When the ceasefire broke down on November 2008, all diesel supplies were cut off along with all other provision otherwise passing through the walls.  The capacity of the power plant was reduced to 18% - barely enough for a single turbine to run for two days before the entire plant has finally shut down. When a single fuel track was received some ten days later, the turbine batteries failed to start up again, and the plant’s engineers hooked up 170 twelve-volt car batteries to restart the plant’s turbines. But there was not enough fuel to run it for more than a few days. In half the days of November and December the station did not produce any electricity at all. In these last weeks of 2008, blackouts in hospitals, already previously endured by heavy reliance on generators, lasted for more than 10 hours a day. The over-stretched generators collapsed one after the other, and computers and medical equipment started failing. Refrigeration outages were destroying stored drugs and refrigeration shut down even in the morgues. Heating was stopped for patients. Surgeries were delayed or cancelled, lab services were scaled down to a minimum. Just when it seemed that things could not get any worst – on December 27, the first bombs started falling. This war was all over before it had even begun.

The Lesser Evil

If, as a friend recently suggested, we were to construct a series of monuments for our present political culture, one would necessarily take the form of a homage to the ‘lesser evil’ principle. It should probably be made of the neon-lit 665 digits and placed on hilltops or high buildings overlooking city centres like giant Hollywood signs - a notch less than evil, a counter displaying the fact that our algorithmic society has become irrevocably obsessed with calculating and reducing the evil it has itself perpetrated.
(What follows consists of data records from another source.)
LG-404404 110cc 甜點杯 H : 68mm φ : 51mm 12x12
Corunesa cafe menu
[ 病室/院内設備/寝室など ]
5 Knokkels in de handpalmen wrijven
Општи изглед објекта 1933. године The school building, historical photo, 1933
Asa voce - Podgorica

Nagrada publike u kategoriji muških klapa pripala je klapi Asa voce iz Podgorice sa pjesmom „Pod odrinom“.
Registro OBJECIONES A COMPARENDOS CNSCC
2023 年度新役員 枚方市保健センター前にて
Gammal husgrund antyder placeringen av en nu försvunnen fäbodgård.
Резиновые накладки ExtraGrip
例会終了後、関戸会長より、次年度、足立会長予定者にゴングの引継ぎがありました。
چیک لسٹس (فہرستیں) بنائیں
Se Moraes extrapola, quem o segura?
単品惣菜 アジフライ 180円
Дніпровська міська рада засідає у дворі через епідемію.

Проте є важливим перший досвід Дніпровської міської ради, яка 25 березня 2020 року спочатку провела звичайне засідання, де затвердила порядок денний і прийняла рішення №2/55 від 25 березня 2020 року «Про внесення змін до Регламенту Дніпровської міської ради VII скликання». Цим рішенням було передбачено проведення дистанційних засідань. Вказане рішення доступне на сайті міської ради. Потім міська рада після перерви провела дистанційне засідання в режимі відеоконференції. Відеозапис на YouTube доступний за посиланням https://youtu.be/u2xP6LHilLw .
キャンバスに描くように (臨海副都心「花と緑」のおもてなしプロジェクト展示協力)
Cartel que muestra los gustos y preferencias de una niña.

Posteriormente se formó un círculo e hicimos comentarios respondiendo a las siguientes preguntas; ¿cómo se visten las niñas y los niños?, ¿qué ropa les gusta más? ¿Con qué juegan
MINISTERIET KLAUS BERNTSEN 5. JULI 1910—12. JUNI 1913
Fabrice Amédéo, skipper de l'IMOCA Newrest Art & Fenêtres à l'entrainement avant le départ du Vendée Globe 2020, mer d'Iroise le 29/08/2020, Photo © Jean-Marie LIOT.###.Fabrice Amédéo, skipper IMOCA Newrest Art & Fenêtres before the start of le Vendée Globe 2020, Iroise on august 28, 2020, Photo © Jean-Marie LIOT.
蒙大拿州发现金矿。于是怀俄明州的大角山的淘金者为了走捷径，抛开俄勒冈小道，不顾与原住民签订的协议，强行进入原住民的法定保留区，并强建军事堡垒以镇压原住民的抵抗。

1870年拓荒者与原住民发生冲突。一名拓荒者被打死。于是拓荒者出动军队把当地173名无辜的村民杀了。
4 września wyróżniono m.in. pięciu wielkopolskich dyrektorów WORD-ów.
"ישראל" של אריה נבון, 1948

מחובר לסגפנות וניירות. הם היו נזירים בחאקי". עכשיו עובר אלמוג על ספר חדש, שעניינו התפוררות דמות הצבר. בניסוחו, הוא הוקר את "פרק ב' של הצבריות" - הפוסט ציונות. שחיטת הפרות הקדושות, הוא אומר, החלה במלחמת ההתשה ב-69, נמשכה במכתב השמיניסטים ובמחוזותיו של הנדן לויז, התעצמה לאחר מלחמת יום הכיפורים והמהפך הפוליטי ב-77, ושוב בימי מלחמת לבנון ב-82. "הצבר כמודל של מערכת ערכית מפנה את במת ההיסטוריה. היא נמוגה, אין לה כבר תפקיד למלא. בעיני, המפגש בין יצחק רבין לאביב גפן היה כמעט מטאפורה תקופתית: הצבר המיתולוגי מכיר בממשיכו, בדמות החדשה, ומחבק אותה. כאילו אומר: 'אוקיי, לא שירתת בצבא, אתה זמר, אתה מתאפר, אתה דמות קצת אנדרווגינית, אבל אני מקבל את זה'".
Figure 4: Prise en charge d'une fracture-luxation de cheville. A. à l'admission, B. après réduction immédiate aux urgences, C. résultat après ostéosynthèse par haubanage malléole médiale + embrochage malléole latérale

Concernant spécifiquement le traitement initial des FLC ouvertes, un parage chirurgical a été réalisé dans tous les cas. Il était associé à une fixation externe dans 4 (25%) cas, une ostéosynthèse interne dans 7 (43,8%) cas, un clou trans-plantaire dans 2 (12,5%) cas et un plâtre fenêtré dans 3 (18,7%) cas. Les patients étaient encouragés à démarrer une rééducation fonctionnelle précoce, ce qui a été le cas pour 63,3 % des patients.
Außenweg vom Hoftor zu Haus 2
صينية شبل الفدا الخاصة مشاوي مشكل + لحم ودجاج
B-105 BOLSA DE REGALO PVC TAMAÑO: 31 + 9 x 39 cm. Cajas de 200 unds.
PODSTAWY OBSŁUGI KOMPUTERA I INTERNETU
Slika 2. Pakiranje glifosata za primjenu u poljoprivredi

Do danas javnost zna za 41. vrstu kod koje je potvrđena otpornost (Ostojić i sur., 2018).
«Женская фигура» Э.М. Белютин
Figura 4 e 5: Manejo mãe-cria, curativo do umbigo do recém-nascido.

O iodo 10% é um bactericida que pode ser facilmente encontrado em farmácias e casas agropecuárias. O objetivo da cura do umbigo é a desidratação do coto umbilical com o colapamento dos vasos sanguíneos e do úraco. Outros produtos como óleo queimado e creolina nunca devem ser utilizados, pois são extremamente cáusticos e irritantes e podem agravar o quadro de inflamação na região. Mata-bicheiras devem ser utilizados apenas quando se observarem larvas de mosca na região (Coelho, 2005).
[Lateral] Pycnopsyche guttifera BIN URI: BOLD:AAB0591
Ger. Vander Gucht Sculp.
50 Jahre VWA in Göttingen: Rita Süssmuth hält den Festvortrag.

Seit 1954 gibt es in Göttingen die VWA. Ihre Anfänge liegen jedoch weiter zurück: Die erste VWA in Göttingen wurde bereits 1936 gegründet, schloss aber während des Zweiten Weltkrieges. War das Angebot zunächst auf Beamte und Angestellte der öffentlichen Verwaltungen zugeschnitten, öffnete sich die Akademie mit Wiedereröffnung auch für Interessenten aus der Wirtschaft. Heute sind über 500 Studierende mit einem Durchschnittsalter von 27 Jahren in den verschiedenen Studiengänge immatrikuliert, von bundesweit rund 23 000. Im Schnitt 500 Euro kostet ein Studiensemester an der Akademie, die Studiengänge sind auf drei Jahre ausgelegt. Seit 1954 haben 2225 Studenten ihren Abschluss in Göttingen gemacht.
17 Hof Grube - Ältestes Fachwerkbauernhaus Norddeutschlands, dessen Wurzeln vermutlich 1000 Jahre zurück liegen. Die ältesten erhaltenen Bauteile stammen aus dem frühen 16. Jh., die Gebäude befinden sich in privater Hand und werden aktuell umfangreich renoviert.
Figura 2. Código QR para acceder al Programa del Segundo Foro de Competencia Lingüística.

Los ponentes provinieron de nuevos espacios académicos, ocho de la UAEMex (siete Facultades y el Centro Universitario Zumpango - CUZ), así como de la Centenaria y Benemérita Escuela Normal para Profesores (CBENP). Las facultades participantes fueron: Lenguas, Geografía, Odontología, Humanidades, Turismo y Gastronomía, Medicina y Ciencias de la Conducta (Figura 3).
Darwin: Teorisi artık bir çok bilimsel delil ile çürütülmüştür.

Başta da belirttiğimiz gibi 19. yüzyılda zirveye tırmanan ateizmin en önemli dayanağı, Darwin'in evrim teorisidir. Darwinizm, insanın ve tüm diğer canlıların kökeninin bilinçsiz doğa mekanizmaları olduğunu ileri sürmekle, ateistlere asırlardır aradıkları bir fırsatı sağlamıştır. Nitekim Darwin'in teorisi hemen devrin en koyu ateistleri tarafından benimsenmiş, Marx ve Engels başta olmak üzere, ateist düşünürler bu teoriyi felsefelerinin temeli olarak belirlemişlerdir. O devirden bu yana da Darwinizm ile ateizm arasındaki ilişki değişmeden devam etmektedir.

The principle of the ‘lesser evil’ - the pursuit of otherwise unacceptable actions in the hope of averting greater wrongs has its origin in the classical philosophy of ethics and in early Christian theology. In the latter the problem was articulated through the concept of the ‘tolerated sin’. But the question still casts a long shadow on the present. In fact, in our present political culture, the term is so deeply naturalized and is invoked in such a staggeringly diverse set of contexts - from individual situational ethics and international relations, through to attempts to govern the economics of violence in the context of the ‘war on terror’ and to the attempts of human-right and humanitarian activists to steer their way through the paradoxes of aid  - that it seems to have altogether replaced the position previously reserved for the term ‘good’.

Specifically, the lesser evil has been most often invoked in relation to the intersection of two spheres of action, military and humanitarian, and used to define a distinct set of legal processes in the calculation, regulation and moderation of the affects of contemporary instruments of control. These include the bombings of targeted assassinations (that strike the “terrorists” and spare the civilians); the management of humanitarian zones carved out of war border crossings; and the provision of aid. It is through the lesser evil that societies regarding their regime as democratic can maintain their occupation of other countries. This occurs in Palestine, of course – this is the centre of my research and political engagement – but also across the expanding frontiers of the west’s ‘war on terror’.